* _EXERCISE OBJECTIVE_: The reply should return the data in full, exactly as written.

* _GIVEN DATA_:
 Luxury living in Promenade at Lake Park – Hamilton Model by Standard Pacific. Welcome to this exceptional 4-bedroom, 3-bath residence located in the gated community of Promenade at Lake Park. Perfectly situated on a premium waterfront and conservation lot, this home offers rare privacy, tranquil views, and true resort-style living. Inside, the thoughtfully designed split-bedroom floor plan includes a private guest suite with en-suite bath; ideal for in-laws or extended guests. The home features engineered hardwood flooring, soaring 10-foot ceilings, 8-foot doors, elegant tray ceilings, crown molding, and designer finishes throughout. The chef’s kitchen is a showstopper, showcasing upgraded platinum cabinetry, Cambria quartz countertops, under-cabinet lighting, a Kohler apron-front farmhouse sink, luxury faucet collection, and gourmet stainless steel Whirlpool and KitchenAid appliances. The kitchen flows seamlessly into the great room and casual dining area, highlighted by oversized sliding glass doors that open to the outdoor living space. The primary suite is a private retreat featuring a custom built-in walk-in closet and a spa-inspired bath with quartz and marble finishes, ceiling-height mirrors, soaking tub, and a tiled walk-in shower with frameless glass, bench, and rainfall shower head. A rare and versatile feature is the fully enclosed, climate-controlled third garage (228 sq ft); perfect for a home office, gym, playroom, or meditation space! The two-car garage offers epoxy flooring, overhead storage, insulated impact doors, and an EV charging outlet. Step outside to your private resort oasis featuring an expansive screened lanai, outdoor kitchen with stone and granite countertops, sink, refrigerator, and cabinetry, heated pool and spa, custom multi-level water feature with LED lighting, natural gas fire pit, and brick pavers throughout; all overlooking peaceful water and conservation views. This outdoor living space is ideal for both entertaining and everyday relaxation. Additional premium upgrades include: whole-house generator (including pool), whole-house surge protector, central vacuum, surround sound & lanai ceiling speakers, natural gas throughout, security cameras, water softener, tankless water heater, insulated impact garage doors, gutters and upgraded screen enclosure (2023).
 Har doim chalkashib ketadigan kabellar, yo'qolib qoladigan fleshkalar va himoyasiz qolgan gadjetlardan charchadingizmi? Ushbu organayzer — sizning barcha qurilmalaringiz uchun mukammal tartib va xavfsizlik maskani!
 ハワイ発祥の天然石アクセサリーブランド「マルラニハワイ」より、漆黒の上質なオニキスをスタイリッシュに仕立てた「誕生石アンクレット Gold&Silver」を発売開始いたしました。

* _ANSWER TO THIS PROBLEM_:
 Luxury living in Promenade at Lake Park – Hamilton Model by Standard Pacific. Welcome to this exceptional 4-bedroom, 3-bath residence located in the gated community of Promenade at Lake Park. Perfectly situated on a premium waterfront and conservation lot, this home offers rare privacy, tranquil views, and true resort-style living. Inside, the thoughtfully designed split-bedroom floor plan includes a private guest suite with en-suite bath; ideal for in-laws or extended guests. The home features engineered hardwood flooring, soaring 10-foot ceilings, 8-foot doors, elegant tray ceilings, crown molding, and designer finishes throughout. The chef’s kitchen is a showstopper, showcasing upgraded platinum cabinetry, Cambria quartz countertops, under-cabinet lighting, a Kohler apron-front farmhouse sink, luxury faucet collection, and gourmet stainless steel Whirlpool and KitchenAid appliances. The kitchen flows seamlessly into the great room and casual dining area, highlighted by oversized sliding glass doors that open to the outdoor living space. The primary suite is a private retreat featuring a custom built-in walk-in closet and a spa-inspired bath with quartz and marble finishes, ceiling-height mirrors, soaking tub, and a tiled walk-in shower with frameless glass, bench, and rainfall shower head. A rare and versatile feature is the fully enclosed, climate-controlled third garage (228 sq ft); perfect for a home office, gym, playroom, or meditation space! The two-car garage offers epoxy flooring, overhead storage, insulated impact doors, and an EV charging outlet. Step outside to your private resort oasis featuring an expansive screened lanai, outdoor kitchen with stone and granite countertops, sink, refrigerator, and cabinetry, heated pool and spa, custom multi-level water feature with LED lighting, natural gas fire pit, and brick pavers throughout; all overlooking peaceful water and conservation views. This outdoor living space is ideal for both entertaining and everyday relaxation. Additional premium upgrades include: whole-house generator (including pool), whole-house surge protector, central vacuum, surround sound & lanai ceiling speakers, natural gas throughout, security cameras, water softener, tankless water heater, insulated impact garage doors, gutters and upgraded screen enclosure (2023).
 Har doim chalkashib ketadigan kabellar, yo'qolib qoladigan fleshkalar va himoyasiz qolgan gadjetlardan charchadingizmi? Ushbu organayzer — sizning barcha qurilmalaringiz uchun mukammal tartib va xavfsizlik maskani!
 ハワイ発祥の天然石アクセサリーブランド「マルラニハワイ」より、漆黒の上質なオニキスをスタイリッシュに仕立てた「誕生石アンクレット Gold&Silver」を発売開始いたしました。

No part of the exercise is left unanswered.